WHAT TO DO. Restate, exactly as written, the entries below from the line that holds "Minnesota Governor Mark" through the line that holds "Tags: Chanel Ankle". Pictures are not part of the copy.

DATA SUPPLIED.
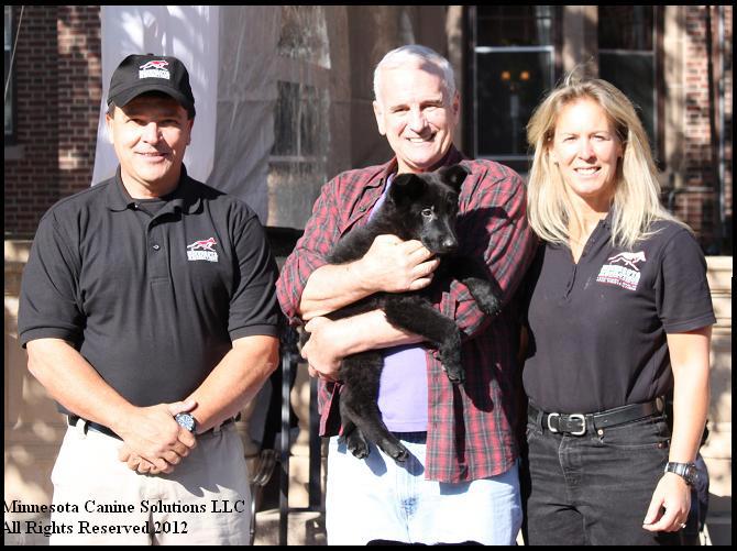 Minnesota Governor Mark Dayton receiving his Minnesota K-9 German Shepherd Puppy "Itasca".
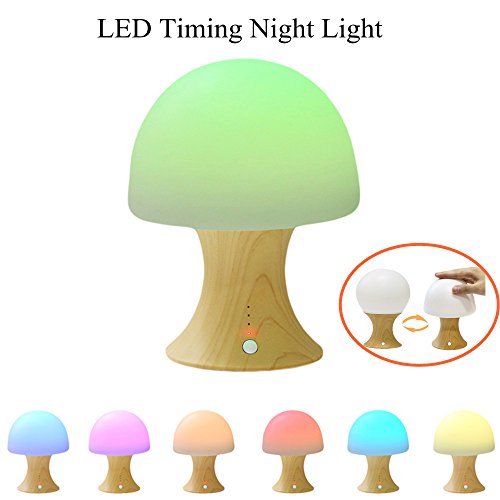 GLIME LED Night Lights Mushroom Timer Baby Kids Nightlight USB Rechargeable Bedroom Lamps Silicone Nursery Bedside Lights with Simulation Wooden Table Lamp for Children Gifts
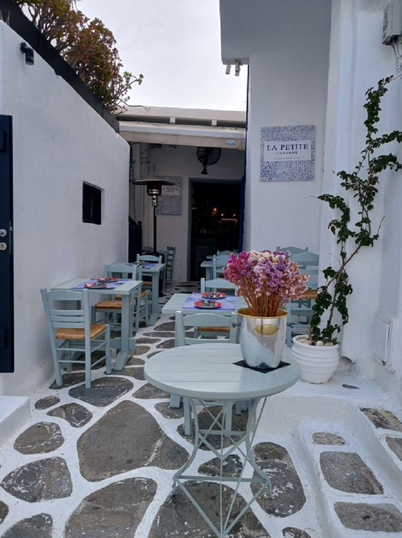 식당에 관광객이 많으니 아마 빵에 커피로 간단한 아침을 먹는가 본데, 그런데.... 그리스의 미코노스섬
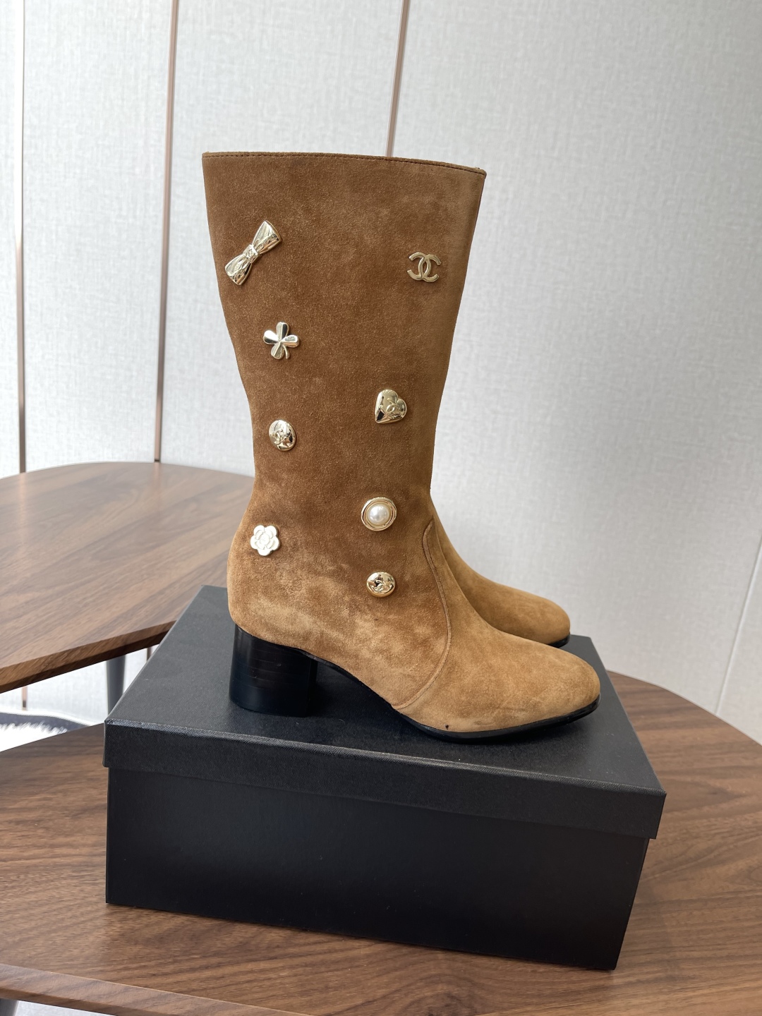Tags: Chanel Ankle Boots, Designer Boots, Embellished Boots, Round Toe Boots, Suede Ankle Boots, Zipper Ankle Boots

--

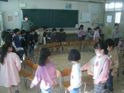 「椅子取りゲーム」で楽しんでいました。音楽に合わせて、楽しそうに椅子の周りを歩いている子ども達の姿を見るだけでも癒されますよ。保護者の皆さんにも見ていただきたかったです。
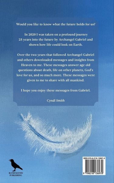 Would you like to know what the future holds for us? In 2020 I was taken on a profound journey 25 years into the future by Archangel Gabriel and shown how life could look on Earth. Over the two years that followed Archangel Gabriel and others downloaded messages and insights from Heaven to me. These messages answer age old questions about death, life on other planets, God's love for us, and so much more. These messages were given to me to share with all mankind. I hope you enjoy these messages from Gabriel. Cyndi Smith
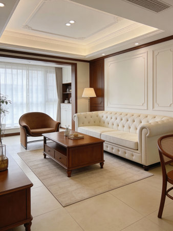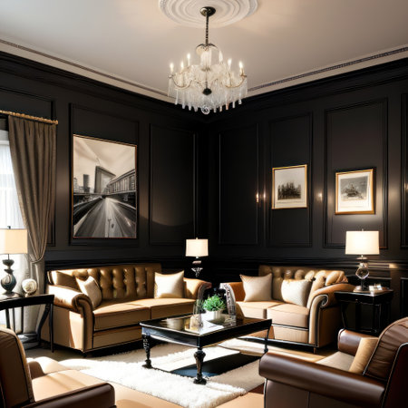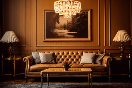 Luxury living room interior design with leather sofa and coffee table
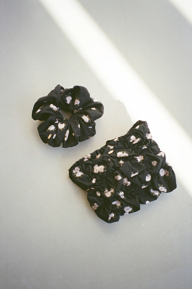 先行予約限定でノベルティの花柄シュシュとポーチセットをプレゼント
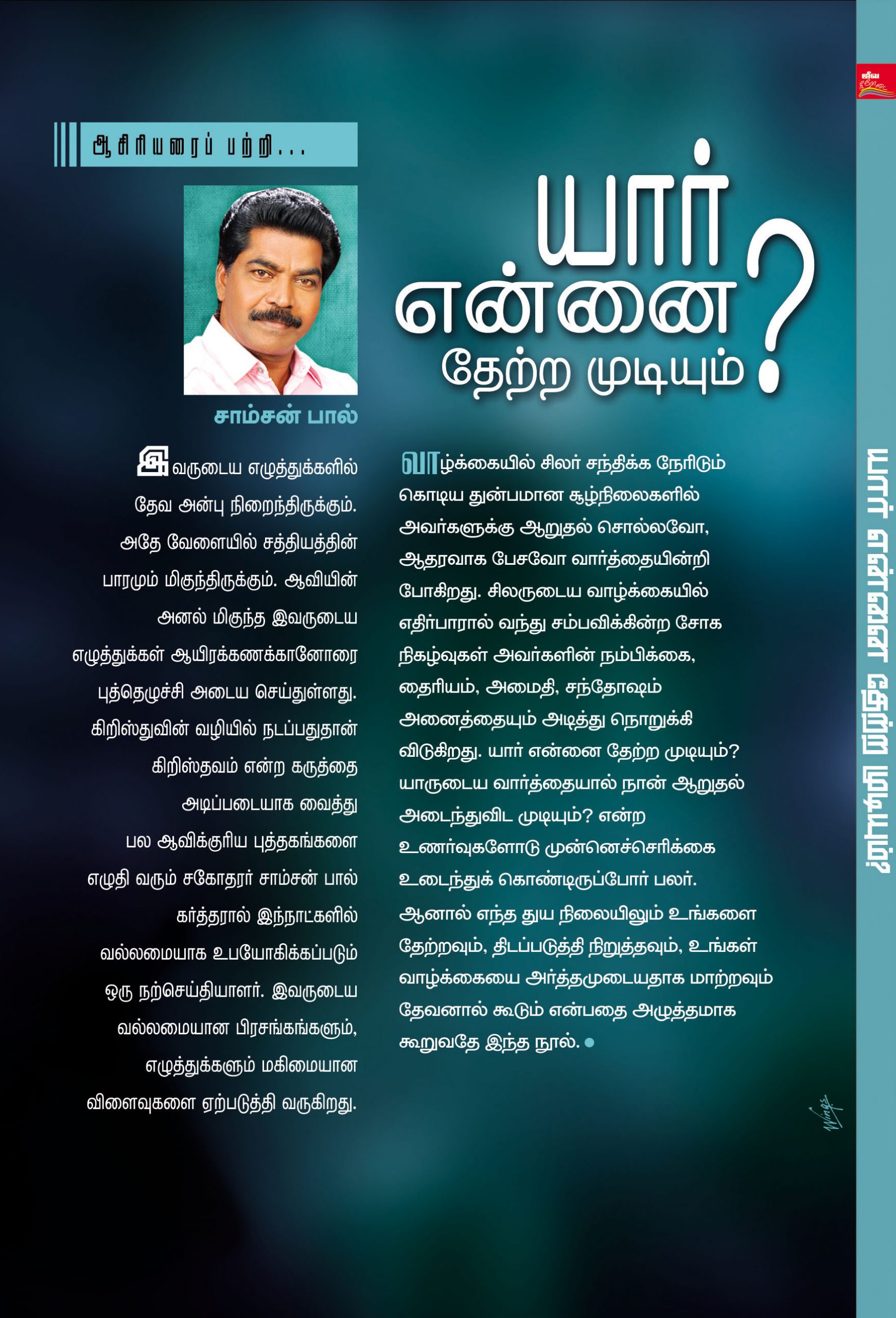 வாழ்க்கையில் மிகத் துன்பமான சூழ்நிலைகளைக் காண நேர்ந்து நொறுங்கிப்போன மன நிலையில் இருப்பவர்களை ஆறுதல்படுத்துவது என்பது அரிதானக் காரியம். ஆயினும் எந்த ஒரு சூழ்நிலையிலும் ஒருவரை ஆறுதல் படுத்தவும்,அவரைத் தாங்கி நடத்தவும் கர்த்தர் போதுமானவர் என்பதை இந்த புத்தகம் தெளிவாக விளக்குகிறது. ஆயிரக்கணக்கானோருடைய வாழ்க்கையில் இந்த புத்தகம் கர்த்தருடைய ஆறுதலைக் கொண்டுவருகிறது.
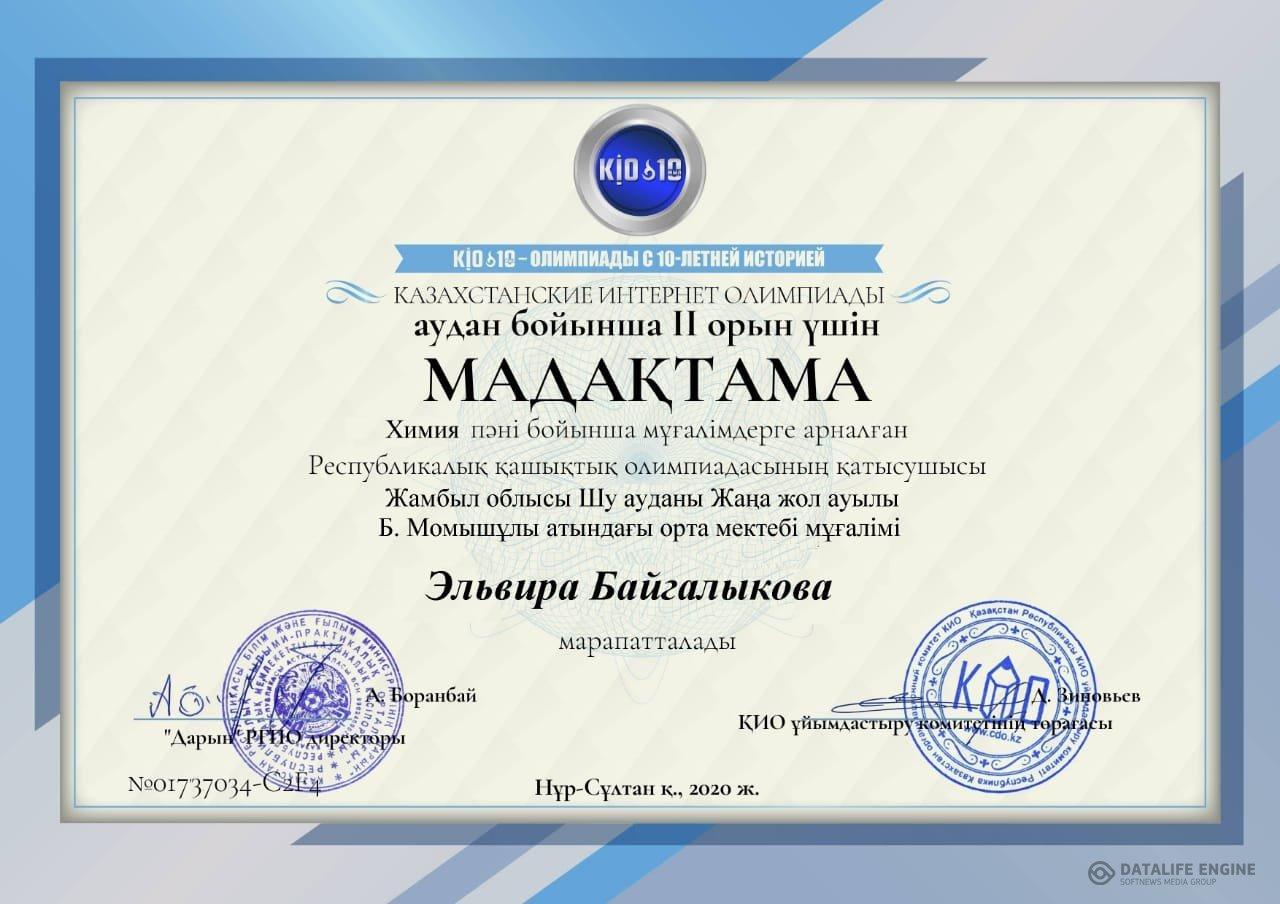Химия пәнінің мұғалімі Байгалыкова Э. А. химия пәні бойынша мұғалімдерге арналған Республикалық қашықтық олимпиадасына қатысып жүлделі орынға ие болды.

* * *

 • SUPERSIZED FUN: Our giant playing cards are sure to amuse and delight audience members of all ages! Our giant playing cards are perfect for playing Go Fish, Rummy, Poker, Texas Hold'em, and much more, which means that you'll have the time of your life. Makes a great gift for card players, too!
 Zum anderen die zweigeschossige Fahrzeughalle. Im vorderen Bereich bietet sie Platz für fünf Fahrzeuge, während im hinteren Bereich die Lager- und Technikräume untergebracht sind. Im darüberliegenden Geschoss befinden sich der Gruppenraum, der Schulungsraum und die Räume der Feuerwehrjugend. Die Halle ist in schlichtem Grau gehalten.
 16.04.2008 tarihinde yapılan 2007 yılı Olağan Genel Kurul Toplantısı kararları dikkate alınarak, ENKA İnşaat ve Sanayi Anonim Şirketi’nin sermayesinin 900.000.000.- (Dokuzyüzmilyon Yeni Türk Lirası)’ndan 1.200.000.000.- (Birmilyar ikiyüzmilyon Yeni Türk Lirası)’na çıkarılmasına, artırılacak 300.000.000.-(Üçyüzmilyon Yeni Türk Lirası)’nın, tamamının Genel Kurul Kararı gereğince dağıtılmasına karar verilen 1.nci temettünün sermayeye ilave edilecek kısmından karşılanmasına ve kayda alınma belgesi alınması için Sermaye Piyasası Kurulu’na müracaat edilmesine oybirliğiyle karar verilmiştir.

ANSWER TO THIS TASK.
 Minnesota Governor Mark Dayton receiving his Minnesota K-9 German Shepherd Puppy "Itasca".
 GLIME LED Night Lights Mushroom Timer Baby Kids Nightlight USB Rechargeable Bedroom Lamps Silicone Nursery Bedside Lights with Simulation Wooden Table Lamp for Children Gifts
 식당에 관광객이 많으니 아마 빵에 커피로 간단한 아침을 먹는가 본데, 그런데.... 그리스의 미코노스섬
Tags: Chanel Ankle Boots, Designer Boots, Embellished Boots, Round Toe Boots, Suede Ankle Boots, Zipper Ankle Boots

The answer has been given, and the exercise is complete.